Not related to this specific error. But you should probably change the line about long_weight to:
long_weight = 1.0/len(context.longs)

Take a look at https://www.quantopian.com/posts/new-and-need-help-with-something-basic-i-hope
It appears to have already been working except for the above fix. It may provide some clues as to what you are missing in regards to 'longs'.

Still need help on this, can't seem to know how to fix it.

That KeyError for longs means it does not exist yet. So, either:

Add this to initialize section:
context.longs = {}

or

Add something similar to this to
def before_trading_start(context, data):

# Gets our pipeline output every day.  
context.output = pipeline_output('value_momo_pipeline')

# The low p/e stocks that we want to long.  
context.longs = context.output[context.output['longs']].index.tolist()  

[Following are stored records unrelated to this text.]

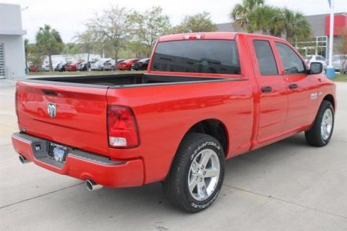 Express trim. iPod/MP3 Input, Alloy Wheels, Tow Hitch, Heated Mirrors, Overhead Airbag. Warranty 5 yrs/100k Miles - Drivetrain Warranty; CLICK NOW! KEY FEATURES INCLUDE Heated Mirrors, iPod/MP3 Input, Trailer Hitch, Aluminum Wheels MP3 Player, Privacy Glass, Child Safety Locks, Electronic Stability Control, Brake Assist. WHY BUY FROM US Rick Hendrick Jeep Chrysler Dodge is the premier dealership for New and Used Jeep, Chrysler & Dodge vehicles in Charleston, South Carolina and specializing in Jeep, Chrysler & Dodge Sales, Finance, Service, and Parts. At Rick Hendrick Jeep Chrysler Dodge, our customers are being provided with high quality service and excellent after sales support. Closing Fee is included in the advertised/sales price. Please confirm the accuracy of the included equipment by calling us prior to purchase. - This 2014 RAM 1500 2WD Quad Cab 140.5 Express Truck features a 5.7L 8 CYLINDER 8cyl Gasoline engine. It is equipped with a 8 Speed Automatic transmission. The vehicle is Flame Red Clearcoat with a Other interior. It is offered with a full factory warranty. - Air Conditioning, Cruise Control, Tinted Windows, Power Steering, Power Windows, Power Door Locks, Passenger Airbag, Security System, ABS Brakes, Dynamic Stability, Intermittent Wipers, AM/FM,, Heated Mirrors - Be sure to utilize our great team of Internet Sales Managers whether you are browsing online or decide to come see our Charleston car dealership for yourself!
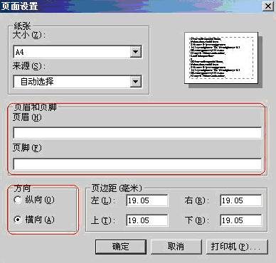 将页面设置窗口中‘方向’内容选择为‘横向’,页眉和页脚下输入框内容删除
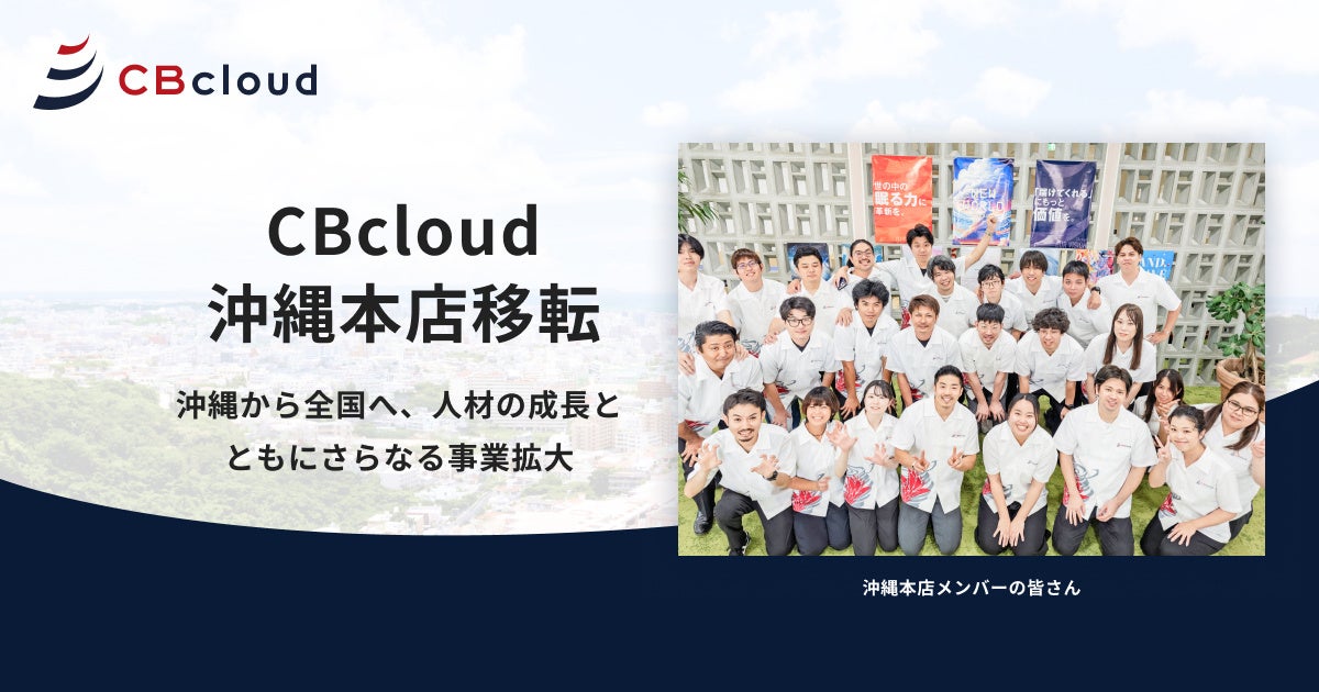 CBcloud株式会社(以下「当社」)は、2024年10月25日をもって本店を沖縄県へ移転することを決定いたしました。当社は2020年4月、沖縄支店を立ち上げ、人口増加が進む沖縄を人材獲得戦略の一環として注目し、拠点設立に至りました。
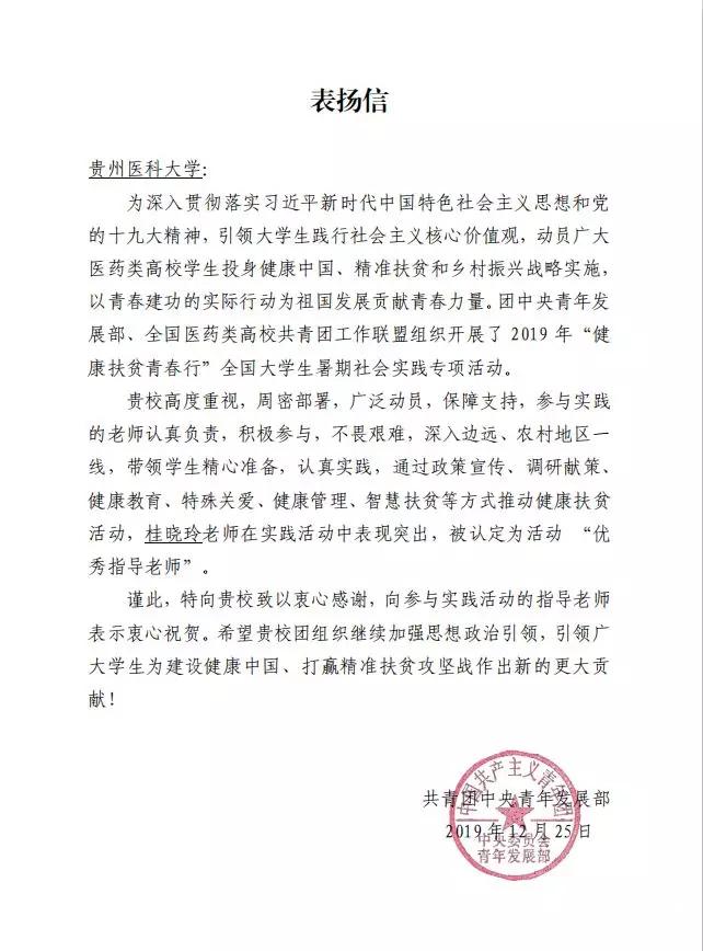 在2019年“健康扶贫青春行”全国高校大学生暑期社会实践专项活动中,太阳成团委副书记桂晓玲在实践活动中表现突出,获“优秀指导老师”称号。

Here is the correct algo that I have. Looking at transactions it seems like the only problem I have is selling the stock if it goes up by 1% during the day.

The algorithm seems to sell at the end of the day. It also buys evenly the 5 stocks afterwards. All I am missing is to trigger a sell of a position if the stock rises up 1% the next day.

Easiest would be limit orders at start of day like stp_lmt() here, although they aren't allowed in the contest or with Optimize.
You can see the ordering in the logging window. Or particular stocks can be set, in 'symbols' list.

You've added a lot to my already existing algo. This is a lot to try and absorb but I really like the result. This will be a great learning experience!